┌────────

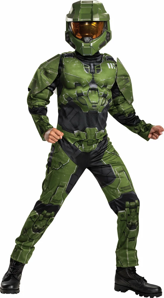 Now you can dress up as your favorite video game character from Halo Infinite with this Master Chief Infinite Muscle suit. Save humanity when you become the greatest Spartan soldier of all time. The Halo Master Chief Infinite Muscle Child costume by Disguise features a green and black jumpsuit with muscle torso and arms. Also includes character half mask. Boots not included.
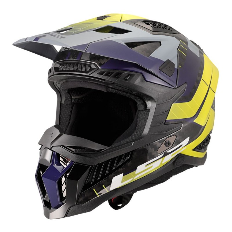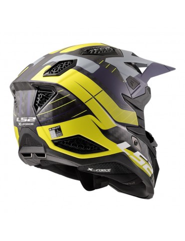 Helmet LS2 MX703 C X-Force Galuo gray / h-v yellow. Offroad helmet with an aggressive design to enjoy all types of roads. Ultralight and safe thanks to its carbon fiber shell and double buckle closure. Possibility of placing the hydration kit inside the helmet. Combine it with our range of LS2 goggles.
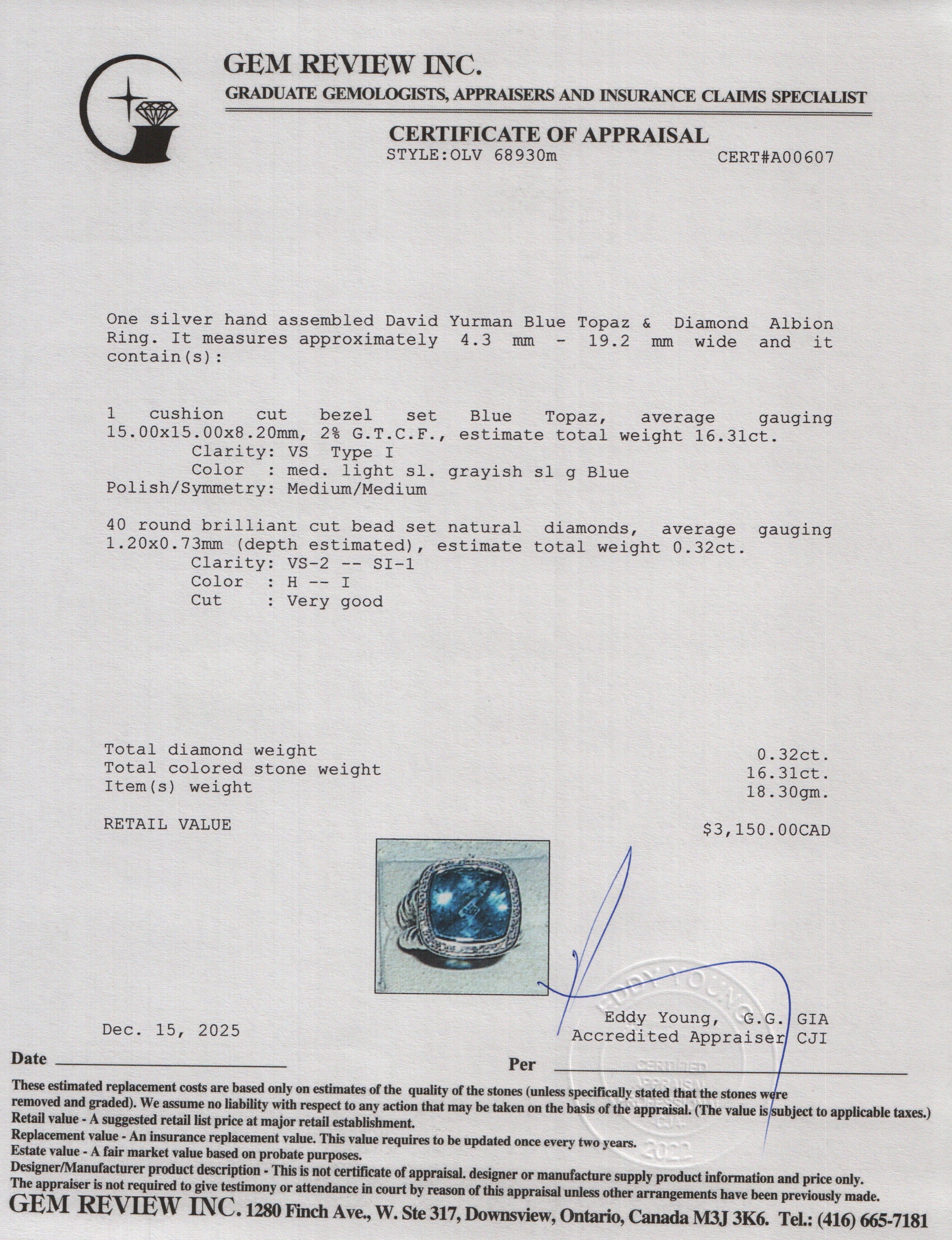 Sterling Silver 15 MM Blue Topaz & Diamond Albion Ring, Size 6

└────────

* _Work task_
Produce the data again character for character, with the images left out.

* _Expected answer_
 Now you can dress up as your favorite video game character from Halo Infinite with this Master Chief Infinite Muscle suit. Save humanity when you become the greatest Spartan soldier of all time. The Halo Master Chief Infinite Muscle Child costume by Disguise features a green and black jumpsuit with muscle torso and arms. Also includes character half mask. Boots not included.
 Helmet LS2 MX703 C X-Force Galuo gray / h-v yellow. Offroad helmet with an aggressive design to enjoy all types of roads. Ultralight and safe thanks to its carbon fiber shell and double buckle closure. Possibility of placing the hydration kit inside the helmet. Combine it with our range of LS2 goggles.
 Sterling Silver 15 MM Blue Topaz & Diamond Albion Ring, Size 6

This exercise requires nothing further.